Moreover, there is some lovely physics here. Consider the square norm of the state vector $X$; it is $E = \frac{1}{2}\,\langle X,\,X\rangle = \frac{1}{2}(x^2 + v^2)$ and you can immediate deduce from (1) that
$$\dot{E} = \langle X,\,\dot{X}\rangle = X^T\,\dot{X} = -\omega\,X^T \,i\, X = 0\tag{4}$$
This has two interpretations. Firstly, $E$ is the total energy of the system, partitioned into potential energy $\frac{1}{2}\,x^2$ and kinetic $\frac{1}{2}\,v^2$. Secondly, (4) shows that the state vector, written as Cartesian components, follows the circle $x^2+v^2=2\,E$ and indeed this motion is uniform circular motion of $\omega$ radians per unit time. So that simple harmonic motion is the motion of any Cartesian component of uniform circular motion.

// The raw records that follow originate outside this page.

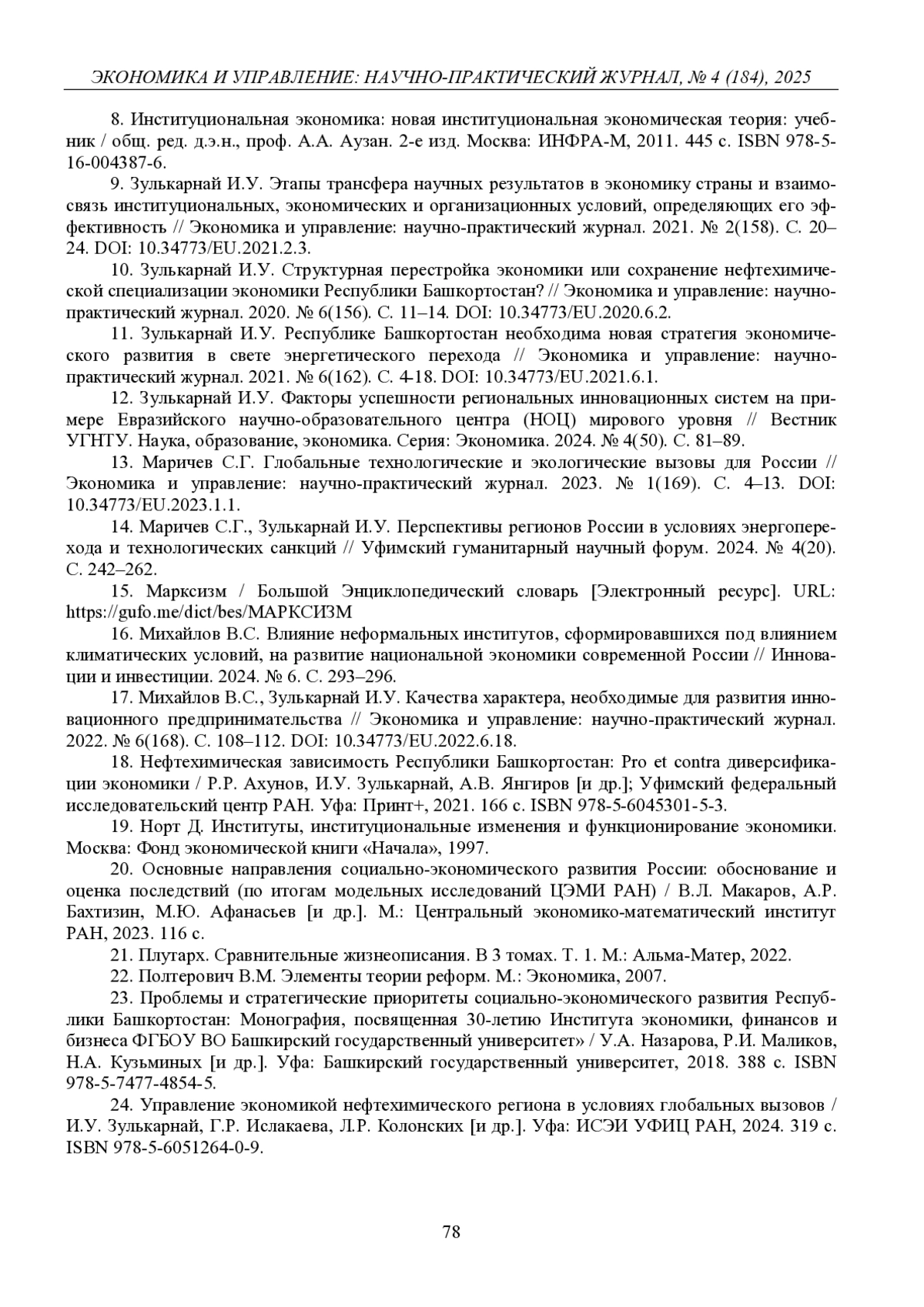 24. Управление экономикой нефтехимического региона в условиях глобальных вызовов / И.У. Зулькарнай, Г.Р. Ислакаева, Л.Р. Колонских [и др.]. Уфа: ИСЭИ УФИЦ РАН, 2024. 319 с. 978-5-6051264-0-9. ISBN: 978-5-605-12640-9 EDN: OYAWPP
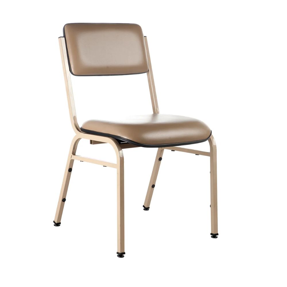 Cadeira empilhável com prancheta removível, estrutura em aço, assento em espuma injetada densidade 40, desenvolvida para atender necessidades de restaurantes, buffets, salão de eventos, igrejas e empresas, é possível empilhar um total de 8 cadeiras.
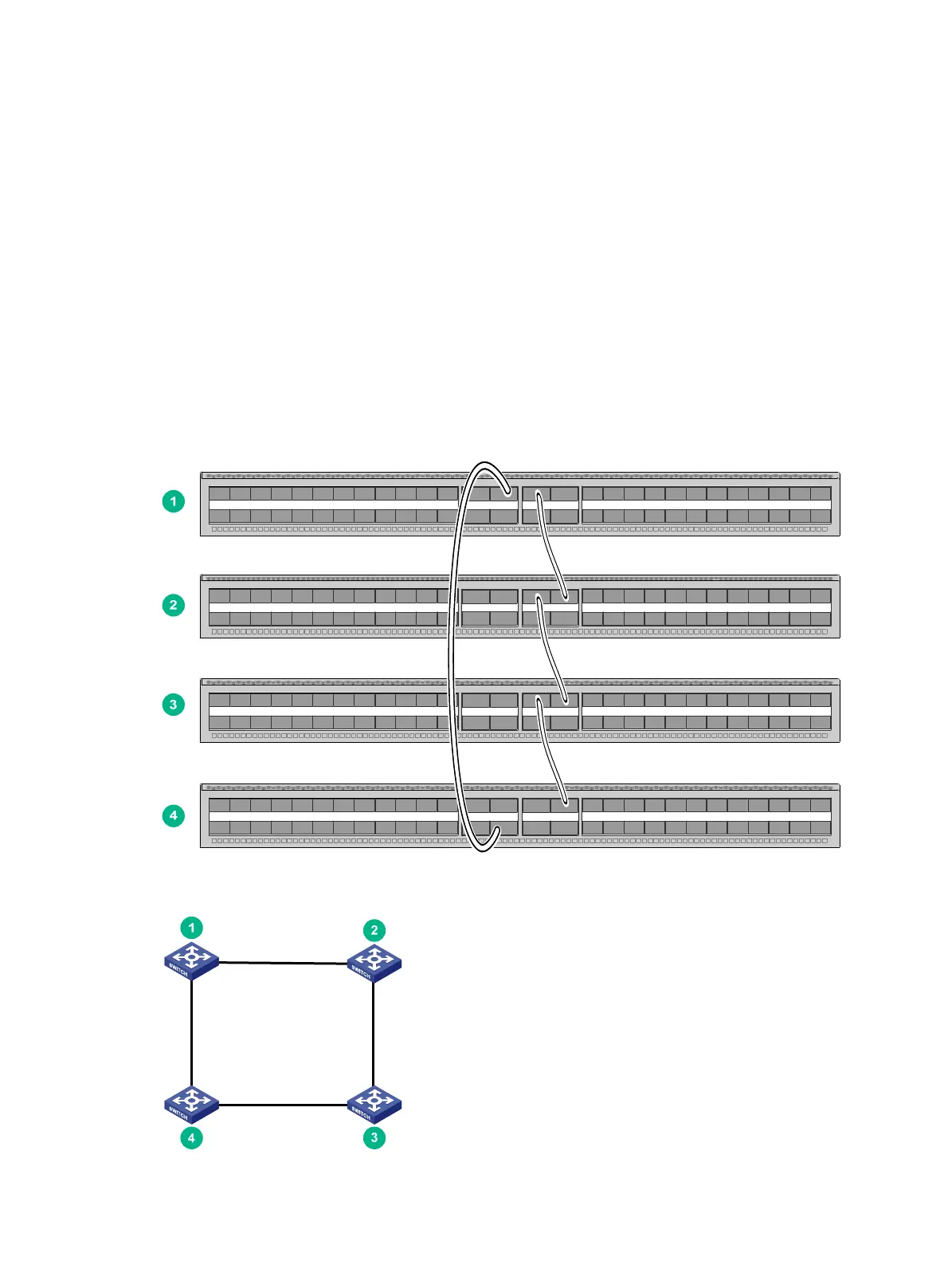Figure 69 shows an example for connecting four IRF member switches in a rack. The switches in the

You could also solve the problem by beginning with (1), deducing (4) and then make the substition
$$x=\sqrt{2\,E}\,\cos(\theta(t));\quad\, v=\sqrt{2\,E}\,\sin(\theta(t))\tag{5}$$
which is validated by the conservation law $x^2+v^2=2\,E$ with $\dot{E}=0$. Then substitute $x$ back into the original SHM equation to deduce that
$$\theta(t) = \pm\omega\,t+\theta(0)\tag{6}$$
Best Answer
Consider the superposition of two simple harmonic motions \begin{equation} x(t) = x_1(t) + x_2(t) = A_1 \cos \left( \omega_1 t + \phi_1 \right) + A_2 \cos \left( \omega_2 t + \phi_2 \right). \end{equation} The first motion $x_1(t)$ is periodic with period $T_1 = \frac{2\pi}{\omega_1}$ and the second motion $x_2(t)$ is periodic with period $T_2 = \frac{2\pi}{\omega_2}$. Clearly the sum of both is only periodic if $n T_1 = m T_2$ where $n$ and $m$ are positive integers (thanks to user fibonatic for pointing out the most general case). To see this, simply write \begin{equation} x\left(t+nT_1\right) = x_1\left(t+nT_1\right) + x_2\left(t+mT_2\right) = x_1(t) + x_2(t) = x(t). \end{equation}
Moreover if the period of both harmonic motions is the same $\omega_1 = \omega_2 = \omega$, we can write \begin{align} x(t) & = A_1 \left[ \cos(\omega t) \cos \phi_1 - \sin(\omega t) \sin \phi_1 \right] + A_2 \left[ \cos(\omega t) \cos \phi_2 - \sin(\omega t) \sin \phi_2 \right] \\ & = \left[ A_1 \cos \phi_1 + A_2 \cos \phi_2 \right] \cos(\omega t) - \left[ A_1 \sin(\phi_1) + A_2 \sin \phi_2 \right] \sin(\omega t) \\ & = A \cos \left( \omega t + \phi \right), \end{align} where used the sum rule $\cos\left( \alpha + \beta \right) = \cos \alpha \cos \beta - \sin \alpha \sin \beta$, and we defined \begin{align} A \cos \phi & = A_1 \cos \phi_1 + A_2 \cos \phi_2 \\ A \sin \phi & = A_1 \sin \phi_1 + A_2 \sin \phi_2 . \end{align} This can be generalized to an arbitrary sum of harmonic motions with the same period: \begin{equation} \sum_i A_i \cos \left( \omega t + \phi_i \right) = A \cos \left( \omega t + \phi \right). \end{equation} Another way to understand this, is to note that the harmonic equation is a linear differential equation; any linear combination of solutions is also a solution.
Conclusion
The sum of two harmonic motions with frequencies $\omega_1$ and $\omega_2$ is periodic if the ratio $\frac{\omega_1}{\omega_2}$ is a positive rational number. If the ratio is irrational, the resulting motion is not periodic.
If, moreover, the frequencies of the two harmonic motions are equal, the resulting motion is also a harmonic motion with the same frequency.